Instructor’s Comment: I am very proud of Melanie’s award for her paper originally prepared for my Fall 08 class IST8C – Dr. Oppenheimer: Or How I Stopped Worrying and Learned to Love WMD. The course, provided through the Integrated Studies Honors Program, focused on the relationship between J. Robert Oppenheimer and two other contemporary physicists, Ernest Lawrence and Edward Teller, all three of whom were at one time UC professors (Oppenheimer and Lawrence at Berkeley and Teller at Davis). Melanie’s term paper explored Teller’s important role in encouraging President Reagan to pursue the Strategic Defense Initiative, more popularly known as “Star Wars” due to SDI’s similarities to the very popular science fiction films by George Lucas. Melanie did an exceptional job of exhaustively covering the technology, politics, and economics of SDI. Her paper was a tour de force and not surprisingly contributed to her well-deserved grade of A+ in the class.

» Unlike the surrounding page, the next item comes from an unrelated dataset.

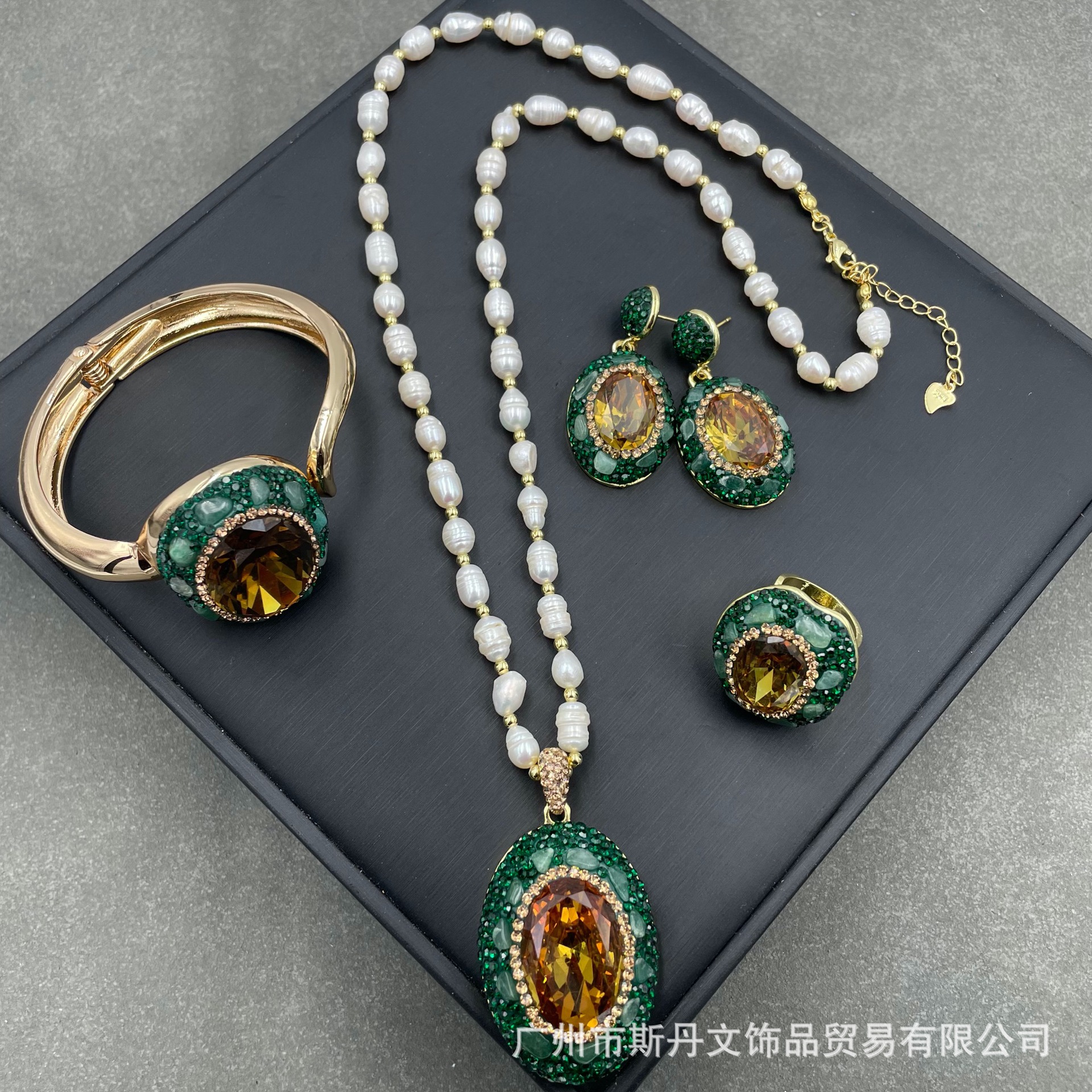 トルコスルタンストーン変色象嵌セットニッチ個性ヨーロッパとアメリカのライト高級ライトストーンジュエリーライブストリーミング卸売

The Prized Writing award is further evidence of the exceptional quality of her scholarship.
—James Shackelford, Integrated Studies Honors Program

In a keynote speech on March 23, 1983, President Ronald Reagan announced “a program to counter the awesome Soviet missile threat with measures that are defensive,” and he further called “upon the scientific community who gave us nuclear weapons to turn their great talents to the cause of mankind and world peace; to give us the means of rendering these nuclear weapons impotent and obsolete” (Bowman 132). Reagan’s Strategic Defense Initiative (SDI), dubbed “Star Wars” by opponents who believed it to be fantastic and untenable, became the focus of much controversy during the 1980s. Aside from the physical complexities involved in developing a missile defense system, SDI encountered several political barriers concerning its economic effects and its conflicts with the Anti-Ballistic Missile Treaty. The debate on Star Wars spread worldwide, creating competition from countries such as the Soviet Union, and attracting several prominent scientists, including Edward Teller. Now, over two decades since SDI was announced by President Reagan, Star Wars has been abandoned, but the United States is still trying to develop a system to counter a nuclear attack. As Freeman Dyson said during his visit to our class, the concept of SDI is “not altogether foolish in principle,” but it is merely “a hope without much technical substance.”

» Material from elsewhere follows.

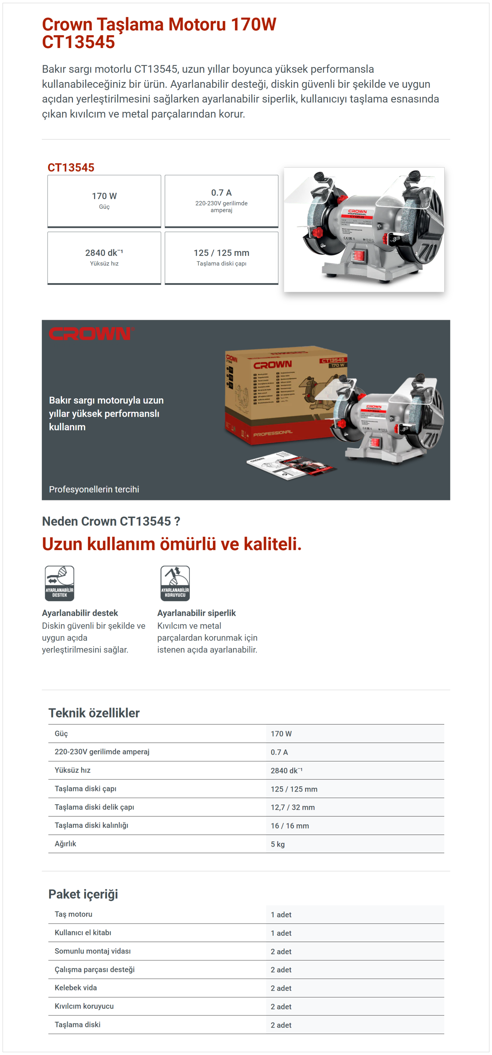 Bakır sargı motorlu CT13545, uzun yıllar boyunca yüksek performansla kullanabileceğiniz bir ürün. Ayarlanabilir desteği, diskin güvenli bir şekilde ve uygun açıdan yerleştirilmesini sağlarken ayarlanabilir siperlik, kullanıcıyı taşlama esnasında çıkan kıvılcım ve metal parçalarından korur.

I.    The Basics of a Strategic Defense System
The ICBM, or intercontinental ballistic missile, is first introduced in Brotherhood of the Bomb as the “hypersonic, H-bomb-tipped [. . .] ‘ultimate weapon’” (Herken 308). A typical ballistic missile is between 30 and 100 feet long, and can accelerate to speeds of 15,000 miles per hour (Margulies 25). Some ICBMs carry only one warhead, which is defined as the portion of the missile that contains the actual nuclear weapon. However, other ICBMs are classified as MIRVed, which stands for “multiple independently targetable reentry vehicles.” This means that several bombs are mounted on top of the bus of the missile, and each of these separate bombs can be simultaneously launched at different targets (Lampton 14).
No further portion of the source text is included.